Sat Nov 14 05:04:42 CST 2009

Quoting [Mathijs den Burger] (Nov 12 2009):
> > > >>
> > > >> Given that that memory management is automatic in Python, the notion
> > > >> of application-managed and implementation-managed Buffer disappears.
> > > >
> > > > From what I learned during the discussion in Banff, this is not
> > > > really true: one *can* allocate an array in user space and pass it
> > > > to an API by-reference, which actually makes it a application
> > > > managed memory segment.  The point in python seems to be that nobody
> > > > is doing that...
> > > 
> > > Well, in Python there is *only* by-reference parameter passing,
> > > references to objects that is. Version 2.6 introduced an io module
> > > that allows to do what you describe. One problem with this is that our
> > > JySAGA bindings can't support this new feature as Jython just reached
> > > version 2.5.1 and it looks like there is quite a long way to go to
> > > 2.6.
> > 
> > That is an implementation problem, and should not influence the
> > python bindings, right? ;-)
> 
> Well, defining bindings that break all current implementations and their
> usage won't work either. The C++ wrapper now also requires Python >=
> 2.2. Would all current users be willing/able to upgrade to >= 2.6?

*sigh* Tough one.  Obviously, I'd love to define the bindings more
from a (assumed) user perspective POV, but sure, if there is no
possible implementation, that makes not too much sense...

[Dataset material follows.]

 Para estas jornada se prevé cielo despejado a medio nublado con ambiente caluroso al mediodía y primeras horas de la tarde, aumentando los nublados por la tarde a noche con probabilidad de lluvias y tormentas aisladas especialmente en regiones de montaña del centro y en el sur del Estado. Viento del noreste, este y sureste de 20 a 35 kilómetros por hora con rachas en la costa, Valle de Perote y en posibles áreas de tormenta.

> The bindings will have to define which Python version is required. It
> not only a matter of 2.x or 3.x; the 2.x versions also contain
> increasingly more relevant functionality.

That may make sense, but of course it is confusing to have too many
levels here.  I guess that 2.x versus 3.x is a natural watershed,
whereas 2.x versus 2.y may look somewhat arbitrary to the user.

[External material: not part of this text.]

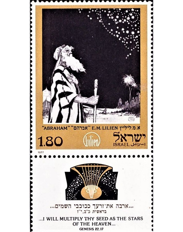 Узнагародаю за веру стала канчатковае пацьверджаньне абяцаньня патомства: «Я дабраслаўлю цябе і дам табе нашчадзтва такім шматлікім, як зоркі на небе і як пясок пясок на беразе мора» (Быцьцё 22:17). Ілюструе гэтыя словы марка Ізраіля. На карціне, намаляванай мастаком Эфраімам Мошэ Ліліенам, Абрагам заглядзеўся на зоркі – сымбаль мноства яго патомства. На прывесцы цытата з Бібліі на габрэйскай і ангельскай мовах: «…і дам табе нашчадзтва такім шматлікім, як зоркі на небе…» (Быцьцё 22:17).

> We can either opt for something low (e.g. >= 2.2) to increase
> acceptance, or something high (e.g. >= 2.6 or >= 3.0) if these contain
> features that are essential for the bindings. A third option is to
> specify optional additional functionality for an implementation that's
> only targeted at newer versions of Python, but that will probably
> generate a lot of confusion.
> 
> I'd say we stick to >= 2.2; widely used, and supported by all current
> implementations.

Agree, but also would suggest to have an updated version for 3.x, as
seems to have fundamental changes.  But, once more, I am not a
python expert, so my opinion should not be weighted too highly...

> Not really; it memory-maps a file, not an arbitrary string. However, you
> can easily convert a string to a list or array and manipulate that in
> place.
> 
> The real question is: which use cases are we trying to optimize? What
> will SAGA Python apps do with binary data?

The primier use asking for optimized I/O on streams and files are
visualization use cases (you should know *those* use cases, right?
;-)  So, an application is repeatedly readong a couple of megabyte
or so from a stream or a file, into a memory buffer, at say 2*30fps,
to run some algorithm on the data (say isosurfacer).  

Now, in the simple case your kernel allocates memory for the read
you request, and reads data into that memory.  Later, that data is
copied into your application memory so your app can access the data.

The buffer object allows to allocate the memory in the application,
and to pass the buffer down to the kernel, so that it can read data
directly into the buffer (zero copy: no need to copy it again).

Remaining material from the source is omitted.